Обзор трендов рекомендательных систем от Пульса, Андрей Мурашев (AI Journey)
Обзор трендов рекомендательных систем от Пульса, Андрей Мурашев (AI Journey)Обзор трендов рекомендательных систем от Пульса, Андрей Мурашев (AI Journey)
Обзор трендов рекомендательных систем от Пульса, Андрей Мурашев (AI Journey)
 
Мир глазами нейросетей, Данила Байгушев, Александр Сноркин ()
Мир глазами нейросетей, Данила Байгушев, Александр Сноркин ()Мир глазами нейросетей, Данила Байгушев, Александр Сноркин ()
Мир глазами нейросетей, Данила Байгушев, Александр Сноркин ()
 

Recently uploaded

%in tembisa+277-882-255-28 abortion pills for sale in tembisa
%in tembisa+277-882-255-28 abortion pills for sale in tembisa%in tembisa+277-882-255-28 abortion pills for sale in tembisa
%in tembisa+277-882-255-28 abortion pills for sale in tembisamasabamasaba
 
%+27788225528 love spells in Knoxville Psychic Readings, Attraction spells,Br...
%+27788225528 love spells in Knoxville Psychic Readings, Attraction spells,Br...%+27788225528 love spells in Knoxville Psychic Readings, Attraction spells,Br...
%+27788225528 love spells in Knoxville Psychic Readings, Attraction spells,Br...masabamasaba
 
WSO2CON 2024 - WSO2's Digital Transformation Journey with Choreo: A Platforml...
WSO2CON 2024 - WSO2's Digital Transformation Journey with Choreo: A Platforml...WSO2CON 2024 - WSO2's Digital Transformation Journey with Choreo: A Platforml...

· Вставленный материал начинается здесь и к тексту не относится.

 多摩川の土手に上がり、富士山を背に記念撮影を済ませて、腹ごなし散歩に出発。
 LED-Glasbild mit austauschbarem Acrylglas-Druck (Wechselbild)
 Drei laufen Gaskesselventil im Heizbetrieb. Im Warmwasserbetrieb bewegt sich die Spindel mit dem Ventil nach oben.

WSO2CON 2024 - WSO2's Digital Transformation Journey with Choreo: A Platforml...WSO2
 
WSO2Con2024 - Hello Choreo Presentation - Kanchana
WSO2Con2024 - Hello Choreo Presentation - KanchanaWSO2Con2024 - Hello Choreo Presentation - Kanchana
WSO2Con2024 - Hello Choreo Presentation - KanchanaWSO2
 
Devoxx UK 2024 - Going serverless with Quarkus, GraalVM native images and AWS...

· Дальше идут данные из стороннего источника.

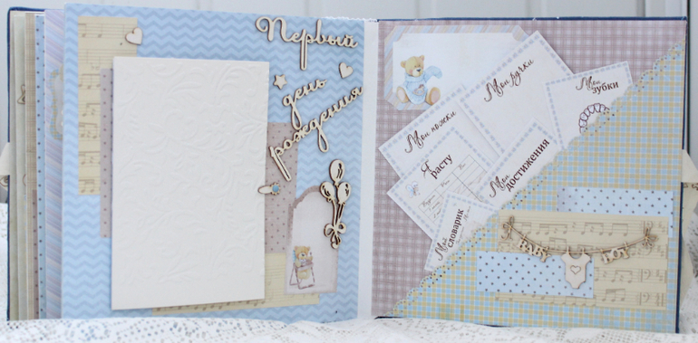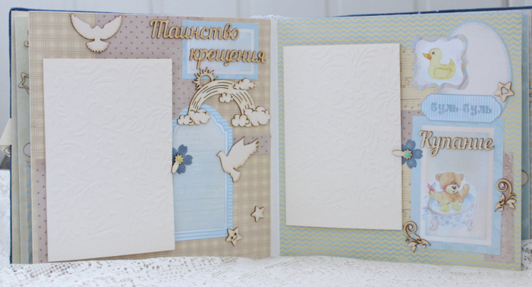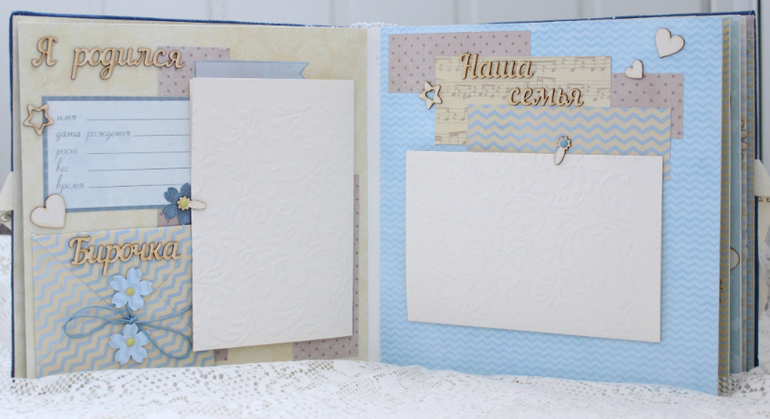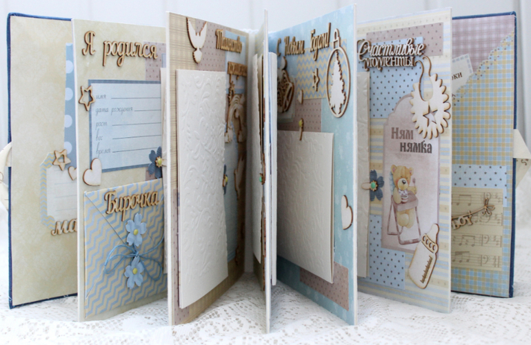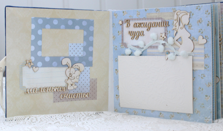 Альбом выполнен по темам: "Маленькое счастье (фото УЗИ", "В ожидании чуда", "Я родился + конвертик для бирочки", "Наша семья", "Таинство крещения", "Купание", "Сладкие сны", "С Новым Годом!", "Любимый карапуз", "Счастливые моменты", "Первый День Рождения", "Таблицы роста и достижений ребенка".

Devoxx UK 2024 - Going serverless with Quarkus, GraalVM native images and AWS...Devoxx UK 2024 - Going serverless with Quarkus, GraalVM native images and AWS...

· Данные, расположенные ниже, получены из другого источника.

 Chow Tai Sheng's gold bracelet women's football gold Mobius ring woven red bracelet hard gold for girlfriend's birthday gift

Devoxx UK 2024 - Going serverless with Quarkus, GraalVM native images and AWS...Bert Jan Schrijver
 
WSO2CON 2024 Slides - Unlocking Value with AI
WSO2CON 2024 Slides - Unlocking Value with AIWSO2CON 2024 Slides - Unlocking Value with AI
WSO2CON 2024 Slides - Unlocking Value with AIWSO2
 
WSO2CON 2024 - Building the API First Enterprise – Running an API Program, fr...
WSO2CON 2024 - Building the API First Enterprise – Running an API Program, fr...WSO2CON 2024 - Building the API First Enterprise – Running an API Program, fr...
WSO2CON 2024 - Building the API First Enterprise – Running an API Program, fr...WSO2
 
Crypto Cloud Review - How To Earn Up To $500 Per DAY Of Bitcoin 100% On AutoP...
Crypto Cloud Review - How To Earn Up To $500 Per DAY Of Bitcoin 100% On AutoP...Crypto Cloud Review - How To Earn Up To $500 Per DAY Of Bitcoin 100% On AutoP...
Crypto Cloud Review - How To Earn Up To $500 Per DAY Of Bitcoin 100% On AutoP...SelfMade bd
 
%in Soweto+277-882-255-28 abortion pills for sale in soweto
%in Soweto+277-882-255-28 abortion pills for sale in soweto%in Soweto+277-882-255-28 abortion pills for sale in soweto
%in Soweto+277-882-255-28 abortion pills for sale in sowetomasabamasaba
 
Love witchcraft +27768521739 Binding love spell in Sandy Springs, GA |psychic...
Love witchcraft +27768521739 Binding love spell in Sandy Springs, GA |psychic...Love witchcraft +27768521739 Binding love spell in Sandy Springs, GA |psychic...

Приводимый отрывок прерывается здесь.